You can use the SQL Server name or the IP address, but this requires a basic DNS listing. Most corporate servers should already have this listing though. You can check the server name or IP address using the nslookup command in the command prompt followed by the server name or IP address.

I'm using SQL 2017 on Ubuntu server running on VMWare. I'm connecting with IP Address here as part of a wider "running MSSQL on Ubuntu" project.

If you are connecting with your Windows credentials, you can replace the params with the trusted_connection parameter.

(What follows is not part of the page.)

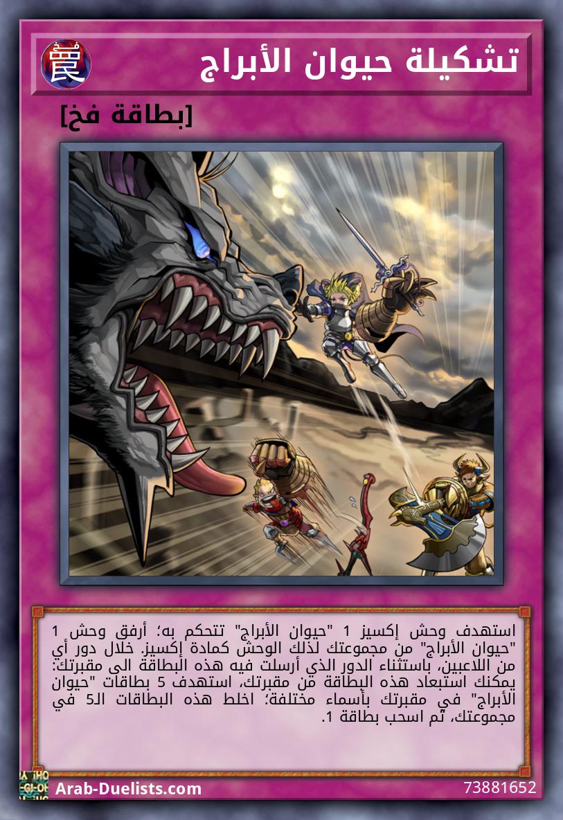 استهدف وحش إكسيز 1 "حيوان الأبراج" تتحكم به؛ أرفق وحش 1 "حيوان الأبراج" من مجموعتك لذلك الوحش كمادة إكسيز. خلال دور أي من اللاعبين، باستثناء الدور الذي أرسلت فيه هذه البطاقة الى مقبرتك: يمكنك استبعاد هذه البطاقة من مقبرتك، استهدف 5 بطاقات "حيوان الأبراج" في مقبرتك بأسماء مختلفة؛ اخلط هذه البطاقات الـ5 في مجموعتك، ثم اسحب بطاقة 1.

params = urllib.parse.quote_plus("DRIVER={SQL Server};"
                                 "SERVER="+server+";"
                                 "DATABASE="+database+";"
                                 "trusted_connection=yes")

2 Comments

getting an error: ImportError: dlopen(/opt/homebrew/lib/python3.10/site-packages/pyodbc.cpython-310-darwin.so, 0x0002): symbol not found in flat namespace '_SQLAllocHandle'
How do you close engine connection? I would like to use syntax without with.
5

since its a warning, I suppressed the message using the warnings python library. Hope this helps

import warnings
with warnings.catch_warnings(record=True):
    warnings.simplefilter("always")
    #your code goes here

1 Comment

Nice. Except in this case, to suppress warnings, you need "ignore" instead of "always". If you choose to fix this, may I suggest you also show a specific example with the OP's call to read_sql_query.
3

My company doesn't use SQLAlchemy, preferring to use postgres connections based on pscycopg2 and incorporating other features. If you can run your script directly from a command line, then turning warnings off will solve the problem: start it with python3 -W ignore

1 Comment

Then the process will be killed, just without a warning.
-4

The correct way to import for SQLAlchemy 1.4.36 is using:

import pandas as pd
from sqlalchemy import create_engine, event
from sqlalchemy.engine.url import URL
#...

conn_str = set_db_info()    # see above
conn_url = URL.create("mssql+pyodbc", query={"odbc_connect": conn_str})
engine = create_engine(conn_url)

df = pd.read_sql(SQL, engine)
df.head()

1 Comment

@gord-thompson I am using SQLAlchemy 1.4.36, so I don't know why you edited my answer to say something different. The import you used above did not work!